Spasticity is classically defined as a velocity-dependent resistance to stretch; however, a variety of factors contribute to its clinical manifestation [13], [14]. As a more thorough understanding of the neuromuscular sequelae of stroke and other pathologies affecting sensorimotor systems continues to evolve, a lack of precise, quantitative measurement techniques will continue to limit treatment and progress toward improving function and independence for individuals with spasticity. This study found brief periods of increased muscle stiffness during trials of increased extension velocity, possibly related to altered viscoelasticity of skeletal muscle following stroke. As is classically found with spasticity, this increased stiffness displayed conditioning effects with repeated elbow extension. Interestingly, SWE identified focal regions of marked elevations in stiffness and presumed contraction in the deeper brachialis muscle, while the overlying biceps brachii did not show concomitant elevations in stiffness. Previous techniques for evaluating spasticity are often limited in their ability to localize specific causative muscles, instead identifying muscle groups associated with a given joint's function. Future work should investigate how this differential activation may guide directed clinical intervention to improve function and quality of life.

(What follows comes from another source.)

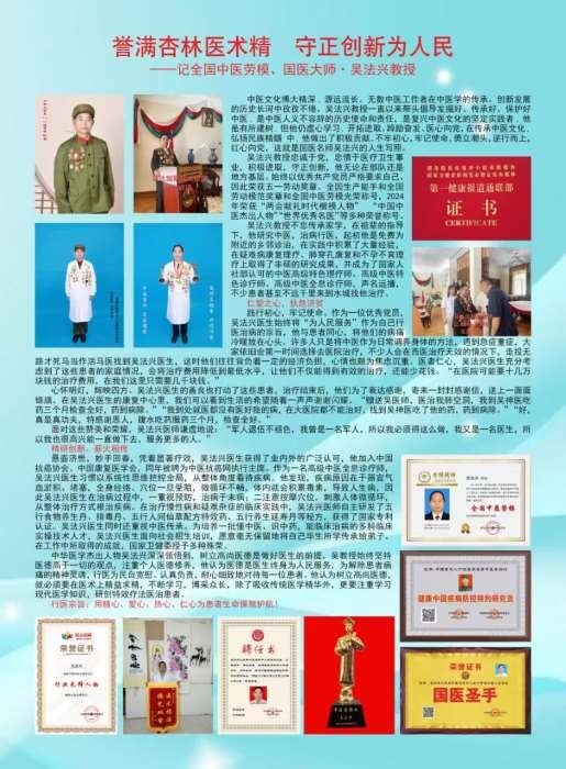 从医多年,吴法兴医生始终将医德牢记于心,心系百姓。在几十多年的行医生涯中,他用精湛的医术和爱心,拯救着一个个鲜活的生命,重塑着无数患者的信心,使他们重获健康和幸福!

This feasibility study has several limitations. We studied a single individual with stroke-related spasticity on a single day. Collecting electromyography or torque may provide additional information about the nature of muscle stiffness during a spastic event. Limitations with equipment synchronization prevented evaluation of extension velocities greater than 60°/s—relatively slow to consistently elicit a spastic reflex. Furthermore, an initial synchronization error prevented the collection of SWE values at 105° for the ipsilateral side, though we are confident these missed data points are of little significance. Difficulties with equipment transport limited our evaluation to an ambulatory, community-dwelling subject, and we likely measured chronic biomechanical changes in addition to the elevated stretch reflex that is a hallmark of spasticity. Fortunately, assessing individuals in the acute setting following stroke when the spastic reflex is more pronounced will become much more feasible as SWE technologies are increasingly utilized on commercially available clinical ultrasound machines.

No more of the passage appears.